これだけ個人主義が尊重されるようになった現代では、社交性がないのは問題とか、人間的に欠陥があるとか決して言うべきではないし、そのような考えを持つことすら間違いだ。例え人口が減っても、高齢者ばかりが多くなり若年層が減ってもおひとりさまのライフスタイルは守られるべきである。ただ、孤独死が増大するのは間違えのない事実だ。生活する人の暮らし方を尊重しつつ、その生命、あるいは QOL を維持しながら最期を迎えるための解決策が見えてこない。
20代30代の若者がおひとりさまとして考えるであろうことは、経済的な独立をずっと維持していくための施策だ。年金受給があまり頼りにならない現在では、労働で得た賃金をいかに蓄え増やすかに老後の生活はかかっている。かつてのような、学校を卒業したら当たり前に正規雇用され、定年まで勤め上げて、もらった退職金を大切に使いながら余生を暮らす人生設計はもはや過去のものだ。就職してもキャリアアップで転職を繰り返す、社会保険も有給もあるが故に正規雇用なのか非正規なのか判断がつきにくい雇用形態、働き方に様々なスタイルを認めるのは良いが、老後の暮らしを支えてくれる仕組みがなければ、引退難民が出てくる。アメリカの様に全て自己責任でライフプランを組む慣習は日本にはまだないと思う。国民年金は期待薄でも、なくなったら大惨事が起きる。

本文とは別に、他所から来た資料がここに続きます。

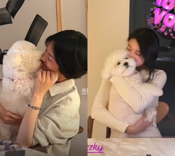 공개된 사진 속 수지는 송혜교의 반려견 루비를 안고 있으며 두 눈을 꼭 감은 채 뽀뽀하고 있는 모습이다.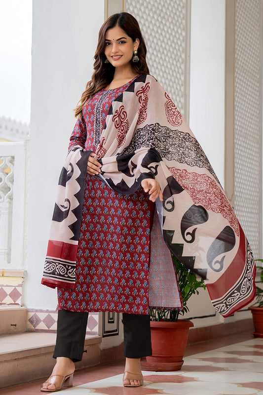 Maroon Rayon Blend Ethnic Motifs Printed Straight Trouser Suit Set VKSKD2253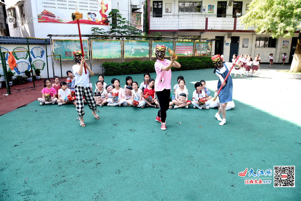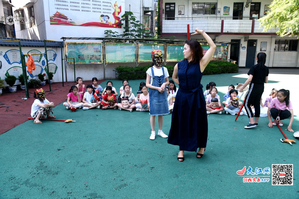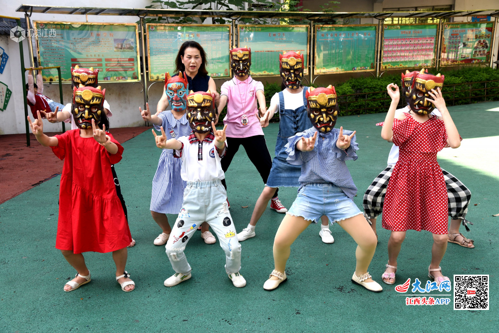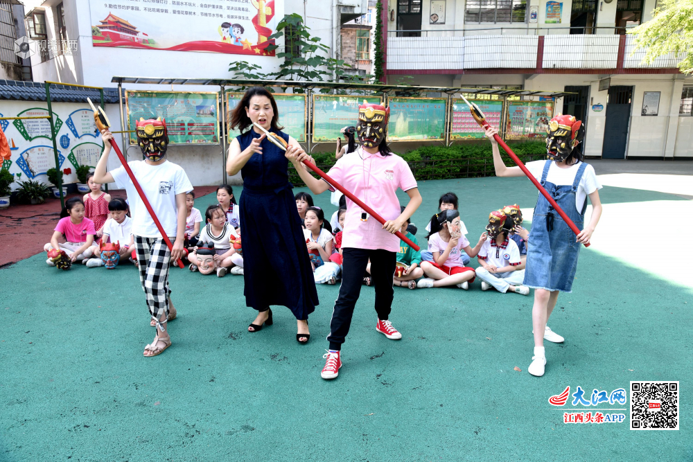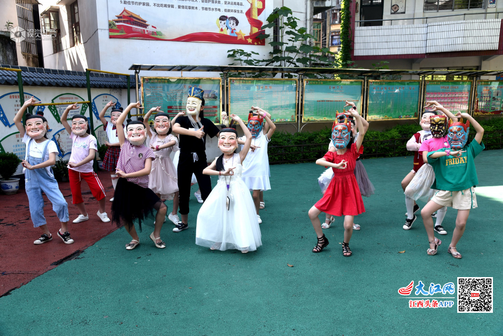 6月4日,江西省南丰县教师进修学校附属小学的孩子们在排练原创少儿歌舞节目“我跟阿公学跳傩”。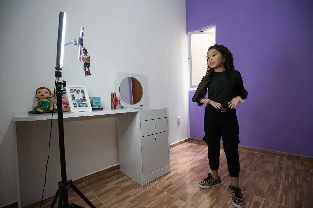 Do outro lado de Fortaleza, no bairro Planalto Mondubim, outra criança movimenta a internet mediante gravações que contemplam a dança. Valentina Santana, aos sete anos, prepara todo o quarto antes de dar o play. Afasta os objetos, limpa o ambiente, posiciona o celular no anel de luz comprado pelos familiares. Tudo pronto: agora, é mexer o esqueleto.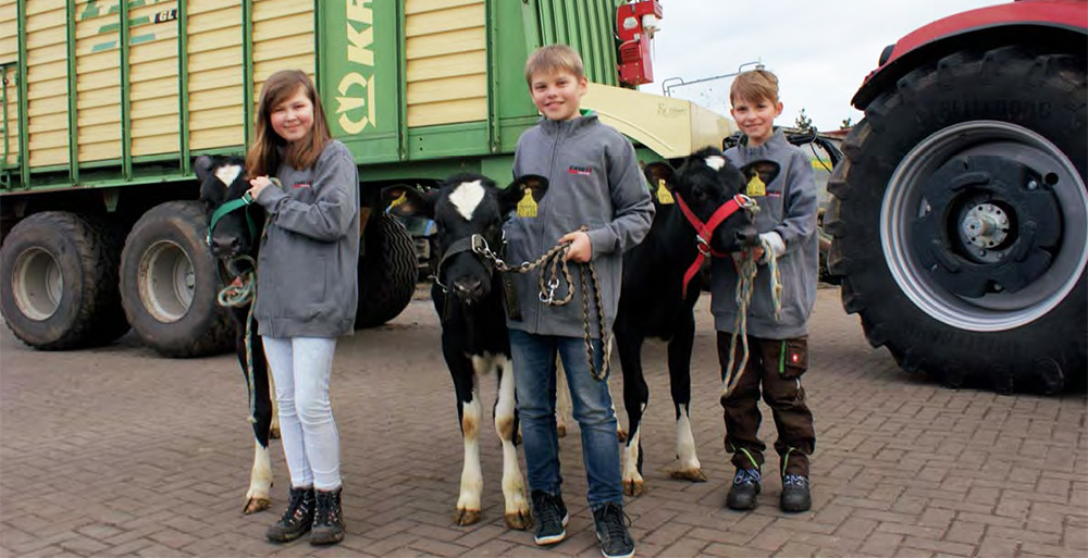 Die Zeitschrift agrarKids stellt in der aktuellen Ausgabe Familie Lühmann und ihren Betrieb vor. Die Jungzüchter Konrad und seine Freundinnen Charlotte und Katharina bereiten die Kälber für den Landeswettbewerb auf der BraLa vor. Bestes Qualitätsfutter für die Tiere ist dabei selbstverständlich. Um das Futter zu ernten, fährt zunächst die Dreifach-Mähkombination vorneweg mit Frontmähwerk (EC 32 CV Float) und Schmetterlingsmähwerk hinten (EC B 870 CV). Danach lädt der ZX 400 die Schwaden in seinen großen Ladebauch. Zuvor sorgt das große Schneidwerk mit deinen 46 Messern für gleichmäßige Schnittlängen, eine schonende Behandlung des Erntegutes und somit für eine hohe Futterqualität.

現在の高齢者は生まれた時から個人主義が尊重された世代ではない。故に家父長制という家族制度の中で生まれ、ごく普通に就職して結婚し、年金と定年まで勤め上げた退職金でそこそこ暮らしていける人々である。その人々ですら、孤独死の問題を抱えている。この人たちに比べれば、若いおひとりさま世代の老後はもっともっと厳しいであろうことには間違いない。
今、若い人が多くの高齢者の年金支給を支えている。それなのに当の本人たちが高齢者になる時、大惨事が起きないようにするには、その事に気づいた若者だけが自己防衛に走れば良いではないか、ではあまりにも冷淡過ぎないか。